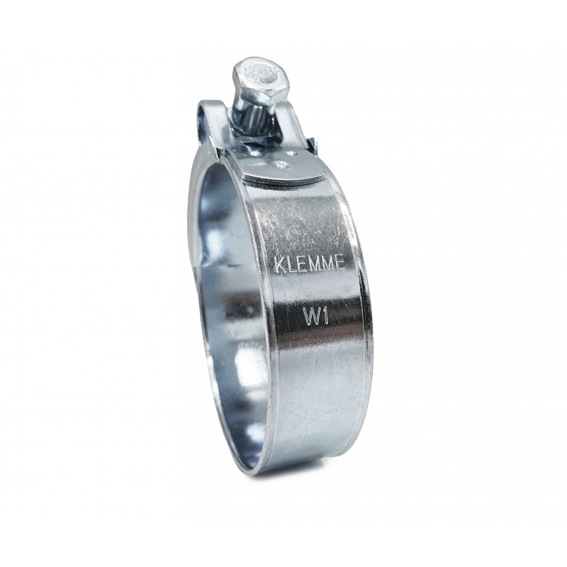 Obejma zaciskowa GBS z zamknięciem przegubowym wykonana z taśmy stalowej W1 w całości zabezpieczona jednolitą warstwą cynku. Specjalny profil taśmy zapobiega uszkodzeniom powierzchni mocowanego przewodu przy napinaniu i dalszej pracy. Obejmy szczególnie przydatne do mocowania przewodów elastycznych, z twardej gumy, zbrojonych tworzywem lub stalą, pracujących w instalacjach próżniowych i wysokociśnieniowych.
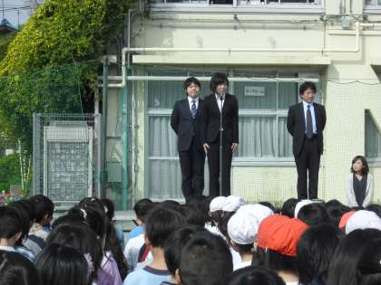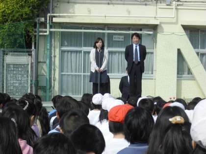 今日の全校朝会では、新任の栄養士、大脇先生と、今年度、東京教師養成塾の塾生で、1年間用賀小学校で、先生になるための勉強をしていく遠竹先生と葦名先生を紹介しました。どうぞよろしくお願いいたします。
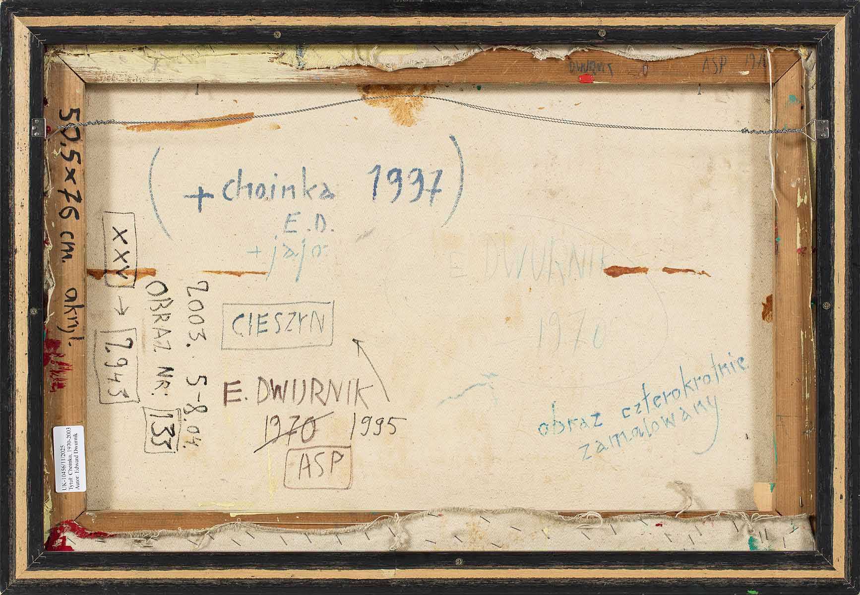 sygn. i opisany na odwrociu: (+choinka 1997) / E. D. / +jajo oraz E. DWURNIK / 1970 oraz CIESZYN / E. DWURNIK / 1970 [przekreślone] 1995 / ASP oraz 2003. 5-8.04 / OBRAZ NR 133 / xxv 2943 oraz informacja autorska: obraz czterokrotnie zamalowany
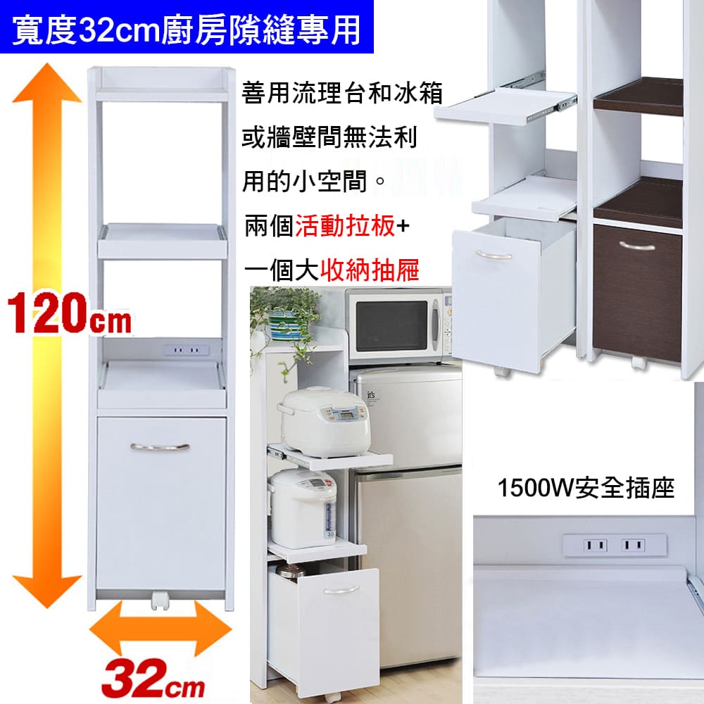 ★細縫式寬僅32公分!居家畸零空間不浪費,收納戰力100%up!up~~★
========================================
Whenever you reach a picture, pass over it; print all the other material exactly.

 Obejma zaciskowa GBS z zamknięciem przegubowym wykonana z taśmy stalowej W1 w całości zabezpieczona jednolitą warstwą cynku. Specjalny profil taśmy zapobiega uszkodzeniom powierzchni mocowanego przewodu przy napinaniu i dalszej pracy. Obejmy szczególnie przydatne do mocowania przewodów elastycznych, z twardej gumy, zbrojonych tworzywem lub stalą, pracujących w instalacjach próżniowych i wysokociśnieniowych.
 今日の全校朝会では、新任の栄養士、大脇先生と、今年度、東京教師養成塾の塾生で、1年間用賀小学校で、先生になるための勉強をしていく遠竹先生と葦名先生を紹介しました。どうぞよろしくお願いいたします。
 sygn. i opisany na odwrociu: (+choinka 1997) / E. D. / +jajo oraz E. DWURNIK / 1970 oraz CIESZYN / E. DWURNIK / 1970 [przekreślone] 1995 / ASP oraz 2003. 5-8.04 / OBRAZ NR 133 / xxv 2943 oraz informacja autorska: obraz czterokrotnie zamalowany
 ★細縫式寬僅32公分!居家畸零空間不浪費,收納戰力100%up!up~~★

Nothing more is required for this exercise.